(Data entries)
- - - - -
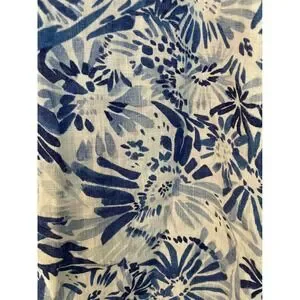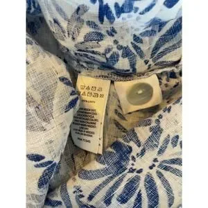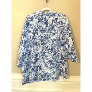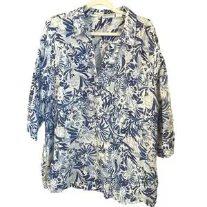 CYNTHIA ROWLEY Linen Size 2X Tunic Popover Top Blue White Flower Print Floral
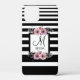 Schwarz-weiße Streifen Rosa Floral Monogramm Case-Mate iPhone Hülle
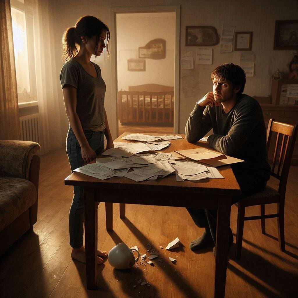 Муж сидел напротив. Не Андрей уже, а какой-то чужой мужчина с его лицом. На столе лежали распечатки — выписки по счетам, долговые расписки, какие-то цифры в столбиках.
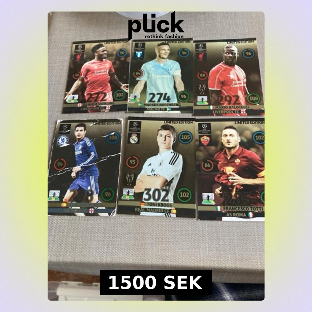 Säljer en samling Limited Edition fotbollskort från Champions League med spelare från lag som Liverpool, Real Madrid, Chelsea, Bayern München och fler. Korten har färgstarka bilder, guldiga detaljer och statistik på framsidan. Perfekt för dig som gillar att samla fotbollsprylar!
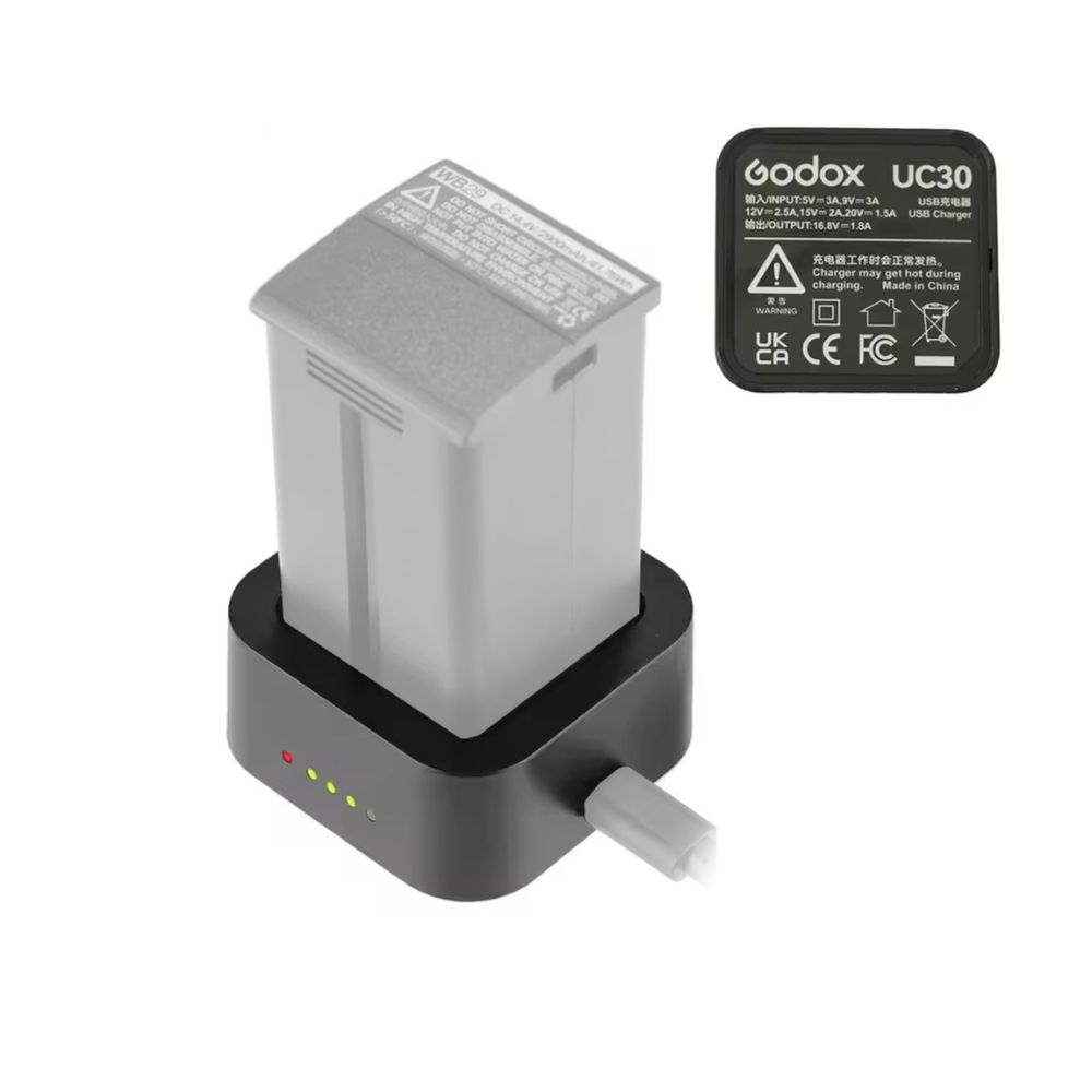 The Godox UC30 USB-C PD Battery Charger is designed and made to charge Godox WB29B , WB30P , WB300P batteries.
- - - - -
Once the pictures are set aside, copy the remaining text of every entry exactly.

 CYNTHIA ROWLEY Linen Size 2X Tunic Popover Top Blue White Flower Print Floral
 Schwarz-weiße Streifen Rosa Floral Monogramm Case-Mate iPhone Hülle
 Муж сидел напротив. Не Андрей уже, а какой-то чужой мужчина с его лицом. На столе лежали распечатки — выписки по счетам, долговые расписки, какие-то цифры в столбиках.
 Säljer en samling Limited Edition fotbollskort från Champions League med spelare från lag som Liverpool, Real Madrid, Chelsea, Bayern München och fler. Korten har färgstarka bilder, guldiga detaljer och statistik på framsidan. Perfekt för dig som gillar att samla fotbollsprylar!
 The Godox UC30 USB-C PD Battery Charger is designed and made to charge Godox WB29B , WB30P , WB300P batteries.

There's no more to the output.